Filipe dirige-se à porta de saída, e antes da sair vira-se para Sofia, dirigindo-lhe um olhar penetrante:
- Boa  noite menina! Obrigada pelo atendimento simpático. Até à próxima!
- Até já... senhor! - Disse Sofia, piscando-lhe o olho e virando-se com rapidez para a cliente seguinte que presenciara o diálogo mas nem prestara atenção nenhuma à conversa dos dois amantes.
Meia hora depois Sofia fechava e trancava a porta da livraria quando sente alguém a encostar-se, por trás. Poderia ser um assalto, poderia ser um ladrão... e no fundo até era mesmo. Filipe preparava-se para lhe roubar o chão, para lhe tirar o fôlego e deixá-la ofegante.
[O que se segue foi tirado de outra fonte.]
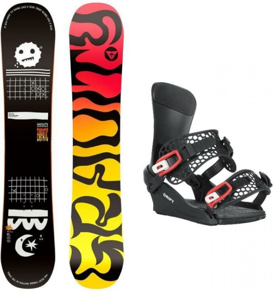 Set produktů za zvýhodněnou cenu. Freestylové prkno s twin shape a hybridním prohnutím cam-rock nabízí pohodlnou jízdu ve switchi, snadné zatáčení a spolehlivé držení hrany. Střední flexibilita je ideální do snowparku i na sjezdovku.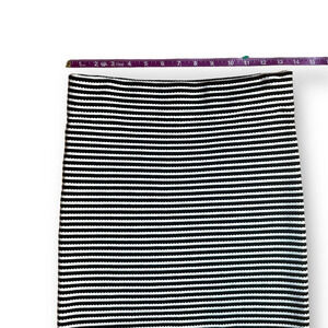 Soft, stretchy rayon (viscose) blend knit skirt from Theory. Bright white and black skinny horizontal striped pattern. Elastic waist, very stretchy but also thick.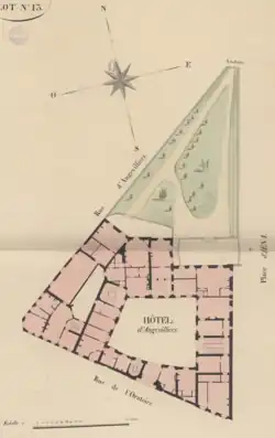 De 1808 à 1854, l'hôtel donne sur un grand jardin en terrasse qui forme le coin de la place du Louvre et de la rue d'Angiviller, avec une vue imprenable sur la colonnade du Louvre.

Era o início de uma grande noite, vivida a dois. Tudo o resto seria cenário e adereços de um palco onde só cabem estes dois atores, onde o improviso é mais importante do que os textos bem decorados e os movimentos estudados e onde no final da atuação não se ouvem aplausos... apenas o silêncio dos olhares de cumplicidade e de agradecimento pelo momento vivido!